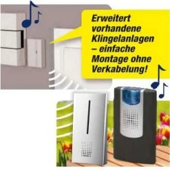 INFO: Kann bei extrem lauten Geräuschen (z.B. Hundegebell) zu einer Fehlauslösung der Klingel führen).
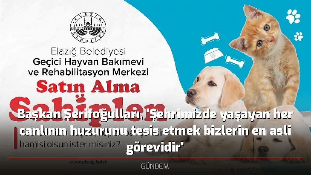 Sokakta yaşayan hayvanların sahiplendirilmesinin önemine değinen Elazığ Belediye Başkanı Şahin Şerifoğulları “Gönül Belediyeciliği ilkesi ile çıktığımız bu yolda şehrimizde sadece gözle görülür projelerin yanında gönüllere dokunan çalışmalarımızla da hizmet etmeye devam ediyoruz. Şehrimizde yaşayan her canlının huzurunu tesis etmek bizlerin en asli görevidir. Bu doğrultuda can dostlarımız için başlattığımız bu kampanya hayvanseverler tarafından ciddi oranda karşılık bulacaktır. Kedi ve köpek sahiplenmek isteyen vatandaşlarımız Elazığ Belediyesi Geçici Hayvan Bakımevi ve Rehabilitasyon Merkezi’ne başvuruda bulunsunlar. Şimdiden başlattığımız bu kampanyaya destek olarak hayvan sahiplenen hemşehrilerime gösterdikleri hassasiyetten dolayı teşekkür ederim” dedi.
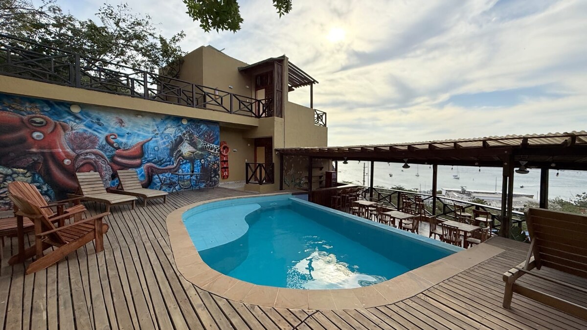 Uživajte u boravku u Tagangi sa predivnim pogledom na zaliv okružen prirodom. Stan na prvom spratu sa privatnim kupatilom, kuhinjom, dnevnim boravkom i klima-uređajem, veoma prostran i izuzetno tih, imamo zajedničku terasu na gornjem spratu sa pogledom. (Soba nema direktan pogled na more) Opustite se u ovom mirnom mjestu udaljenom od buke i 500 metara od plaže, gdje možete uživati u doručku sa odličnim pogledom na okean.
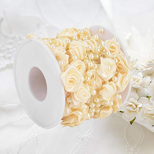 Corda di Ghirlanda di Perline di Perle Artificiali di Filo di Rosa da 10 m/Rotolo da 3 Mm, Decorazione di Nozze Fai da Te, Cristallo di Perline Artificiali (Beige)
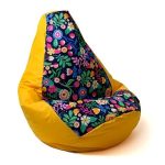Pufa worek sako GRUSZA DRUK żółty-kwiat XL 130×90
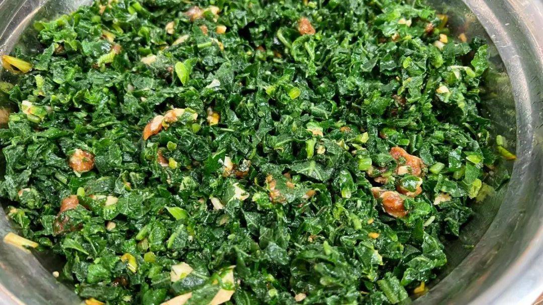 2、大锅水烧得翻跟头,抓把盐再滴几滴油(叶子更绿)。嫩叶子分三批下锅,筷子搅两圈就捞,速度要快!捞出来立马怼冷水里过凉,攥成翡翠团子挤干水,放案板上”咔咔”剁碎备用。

---+---

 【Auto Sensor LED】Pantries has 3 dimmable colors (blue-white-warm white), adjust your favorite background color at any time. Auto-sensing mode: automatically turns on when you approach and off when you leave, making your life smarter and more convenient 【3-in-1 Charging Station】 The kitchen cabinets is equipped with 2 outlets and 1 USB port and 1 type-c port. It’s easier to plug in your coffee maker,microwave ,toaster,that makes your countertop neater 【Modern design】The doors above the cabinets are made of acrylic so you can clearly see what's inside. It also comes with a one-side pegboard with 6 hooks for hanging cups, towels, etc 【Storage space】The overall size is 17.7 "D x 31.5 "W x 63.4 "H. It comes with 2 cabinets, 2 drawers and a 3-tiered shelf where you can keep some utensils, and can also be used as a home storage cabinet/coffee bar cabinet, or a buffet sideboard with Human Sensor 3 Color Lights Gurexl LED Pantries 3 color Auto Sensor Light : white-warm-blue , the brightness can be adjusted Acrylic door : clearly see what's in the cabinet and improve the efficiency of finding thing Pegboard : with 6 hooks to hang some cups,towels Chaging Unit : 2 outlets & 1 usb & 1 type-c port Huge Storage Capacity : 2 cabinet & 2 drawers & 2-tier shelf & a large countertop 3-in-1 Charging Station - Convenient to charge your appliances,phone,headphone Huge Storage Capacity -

---+---

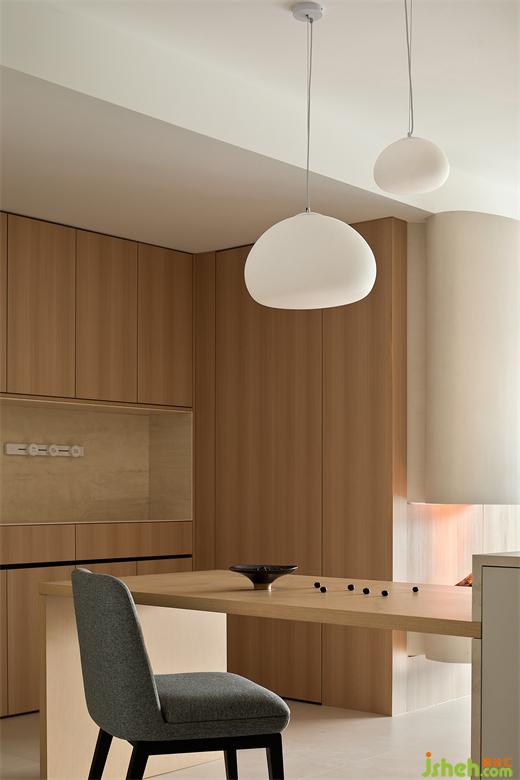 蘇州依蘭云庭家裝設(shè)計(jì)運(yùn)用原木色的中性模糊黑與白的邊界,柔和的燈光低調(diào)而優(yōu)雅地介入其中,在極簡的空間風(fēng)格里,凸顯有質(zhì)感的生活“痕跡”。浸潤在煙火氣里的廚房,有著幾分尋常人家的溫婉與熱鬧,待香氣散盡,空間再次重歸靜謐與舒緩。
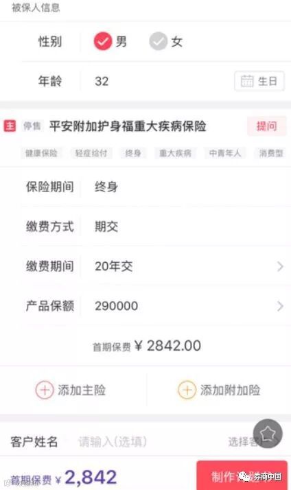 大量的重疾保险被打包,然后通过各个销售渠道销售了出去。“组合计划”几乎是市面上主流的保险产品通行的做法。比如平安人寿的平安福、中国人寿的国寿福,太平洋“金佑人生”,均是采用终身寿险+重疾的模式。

---+---

■ Action item: Reproduce exactly the lines above starting at the line containing "Uživajte u boravku" and ending at the line containing "2、大锅水烧得翻跟头,抓把盐", including both, but not the pictures.

■ Output of the exercise:
 Uživajte u boravku u Tagangi sa predivnim pogledom na zaliv okružen prirodom. Stan na prvom spratu sa privatnim kupatilom, kuhinjom, dnevnim boravkom i klima-uređajem, veoma prostran i izuzetno tih, imamo zajedničku terasu na gornjem spratu sa pogledom. (Soba nema direktan pogled na more) Opustite se u ovom mirnom mjestu udaljenom od buke i 500 metara od plaže, gdje možete uživati u doručku sa odličnim pogledom na okean.
 Corda di Ghirlanda di Perline di Perle Artificiali di Filo di Rosa da 10 m/Rotolo da 3 Mm, Decorazione di Nozze Fai da Te, Cristallo di Perline Artificiali (Beige)
Pufa worek sako GRUSZA DRUK żółty-kwiat XL 130×90
 2、大锅水烧得翻跟头,抓把盐再滴几滴油(叶子更绿)。嫩叶子分三批下锅,筷子搅两圈就捞,速度要快!捞出来立马怼冷水里过凉,攥成翡翠团子挤干水,放案板上”咔咔”剁碎备用。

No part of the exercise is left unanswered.